A faithful transcription of all the data, images excluded, is the required answer.

[Provided information Boundary: Start]

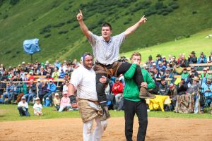 Urban Raschle aus Balzers gewinnt das Sertig-Schwinget. Im Schlussgang bezwingt der 20-Jährige Roman Hochholdinger.
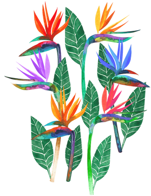 Multiple bird of paradise flowers with elongated curved stems and sharp, pointed petals in saturated watercolor hues. Orange and yellow petals radiate upward, while others shift into red, magenta, violet, and cobalt blue. Broad green leaves with white central veins fan outward around each stem. Pigment pooling and translucent washes create layered color transitions and visible brush textures against a transparent background. This artwork is titled “Bird of Paradise 1” and created by Hend Shehata
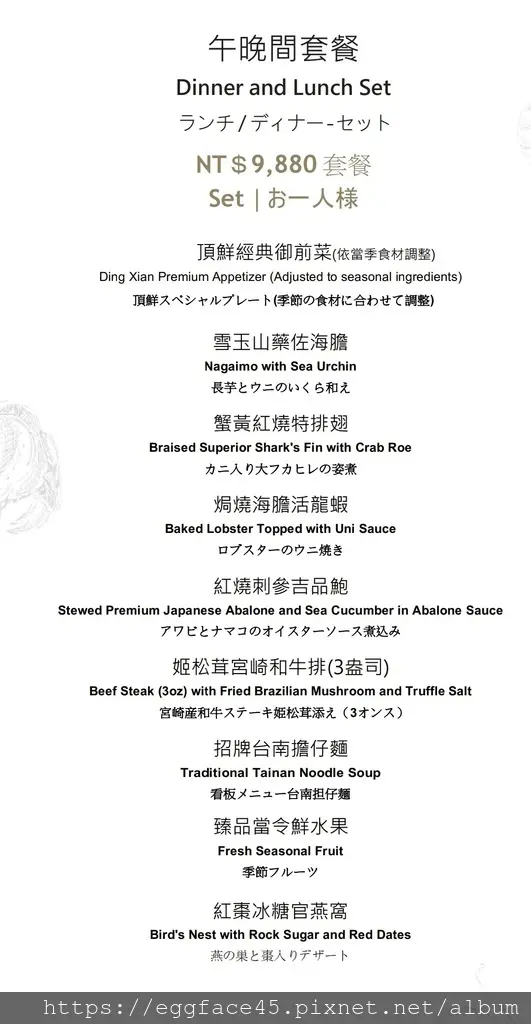 精緻桌菜($29800、38800), 午、晚間套餐($1980、2680、3880、5880、9880、12880) 也有素食套餐、穆斯林套餐、單點菜色可選擇。
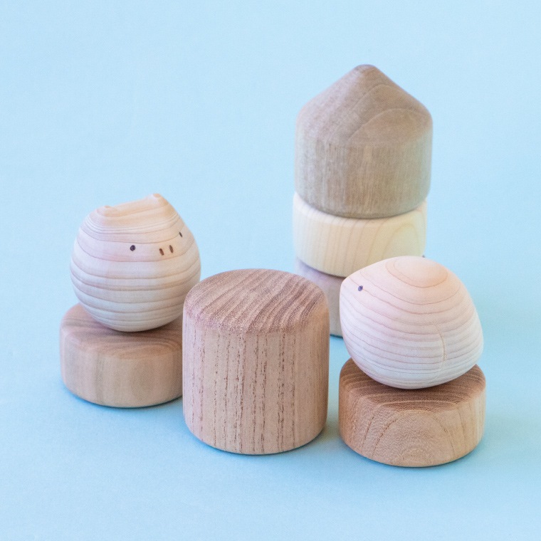積み木に使用する九州産材は、仕入れ状況や時期によって樹種・木の色味が変わります。掲載画像の積み木は撮影当時のセットの一例です。 赤ちゃんがなめたり、水分を含んだ布で拭いたりした場合に、木の色が布や衣服にうつってしまう場合がございます。これらは木の成分ですので、人体には悪い影響はございません。 アニマルに使用しているヒノキ材は、無塗装の場合、気温があがったり暖かい場所に保管しておいたりすると、木の中から樹液が溶け出す場合がございます。害はありませんが、気になる方は「無水エタノール」を染み込ませた布で拭きとるか、紙やすりで削り落とすことでご対処ください。▶木のおもちゃお手入れ方法 |
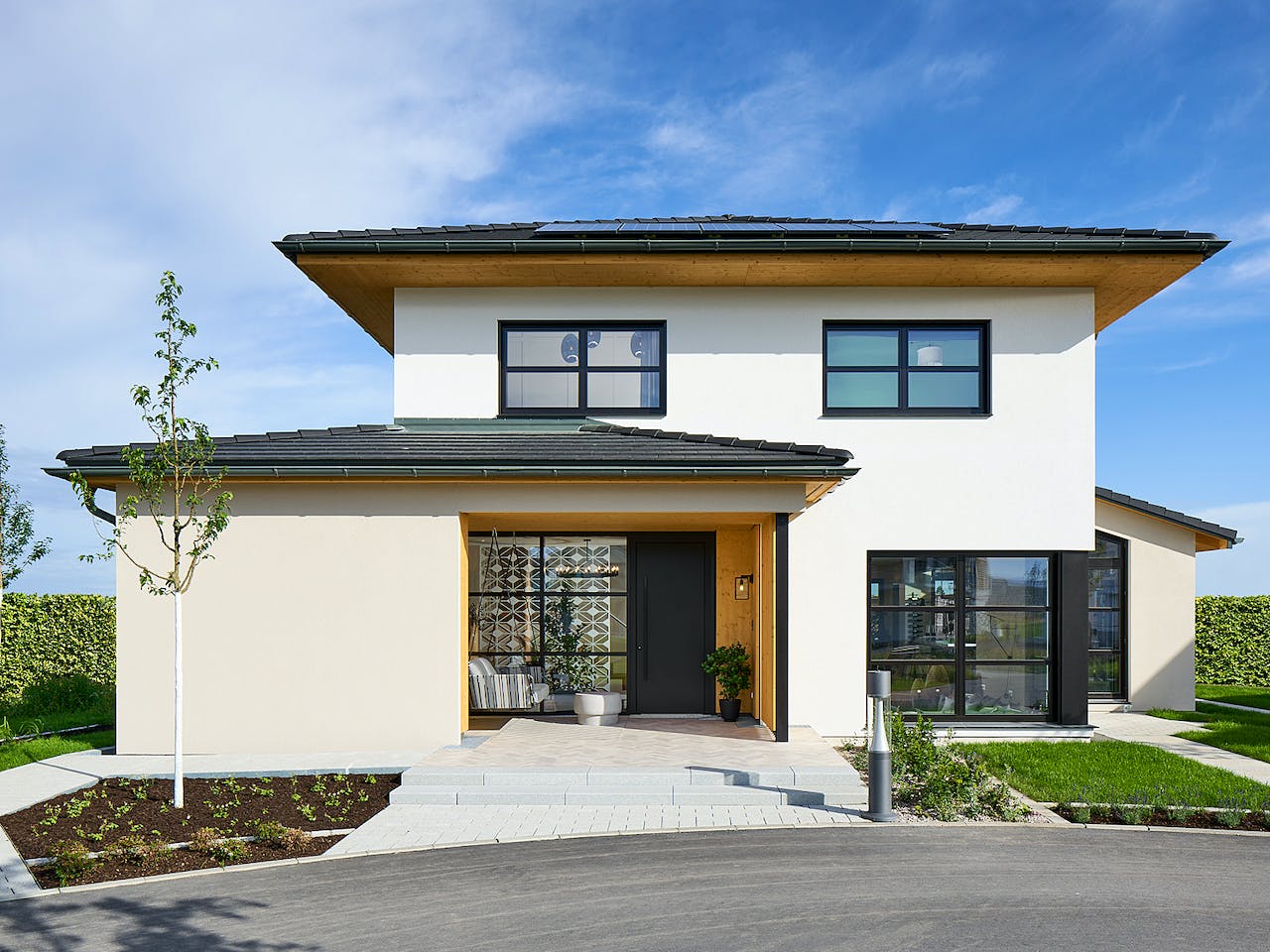 Das frei geplante Architektenhaus präsentiert sich als zeitlos stilvolles, zweigeschossiges Landhaus mit einem Walmdach. So wird der quaderförmige Baukörper durch Anbauten erweitert, die das Haus optisch bereichern und gleichzeitig funktional durchdacht sind. Aufgelockert wird die Putzfassade durch eine Holzschalung aus sibirischer Lärche. Die Sprossenfenster sind ein Klassiker, die im Industrie-Look modern interpretiert sind.

[Provided information Boundary: End]

§ Solution to this exercise:
 Urban Raschle aus Balzers gewinnt das Sertig-Schwinget. Im Schlussgang bezwingt der 20-Jährige Roman Hochholdinger.
 Multiple bird of paradise flowers with elongated curved stems and sharp, pointed petals in saturated watercolor hues. Orange and yellow petals radiate upward, while others shift into red, magenta, violet, and cobalt blue. Broad green leaves with white central veins fan outward around each stem. Pigment pooling and translucent washes create layered color transitions and visible brush textures against a transparent background. This artwork is titled “Bird of Paradise 1” and created by Hend Shehata
 精緻桌菜($29800、38800), 午、晚間套餐($1980、2680、3880、5880、9880、12880) 也有素食套餐、穆斯林套餐、單點菜色可選擇。
積み木に使用する九州産材は、仕入れ状況や時期によって樹種・木の色味が変わります。掲載画像の積み木は撮影当時のセットの一例です。 赤ちゃんがなめたり、水分を含んだ布で拭いたりした場合に、木の色が布や衣服にうつってしまう場合がございます。これらは木の成分ですので、人体には悪い影響はございません。 アニマルに使用しているヒノキ材は、無塗装の場合、気温があがったり暖かい場所に保管しておいたりすると、木の中から樹液が溶け出す場合がございます。害はありませんが、気になる方は「無水エタノール」を染み込ませた布で拭きとるか、紙やすりで削り落とすことでご対処ください。▶木のおもちゃお手入れ方法 |
 Das frei geplante Architektenhaus präsentiert sich als zeitlos stilvolles, zweigeschossiges Landhaus mit einem Walmdach. So wird der quaderförmige Baukörper durch Anbauten erweitert, die das Haus optisch bereichern und gleichzeitig funktional durchdacht sind. Aufgelockert wird die Putzfassade durch eine Holzschalung aus sibirischer Lärche. Die Sprossenfenster sind ein Klassiker, die im Industrie-Look modern interpretiert sind.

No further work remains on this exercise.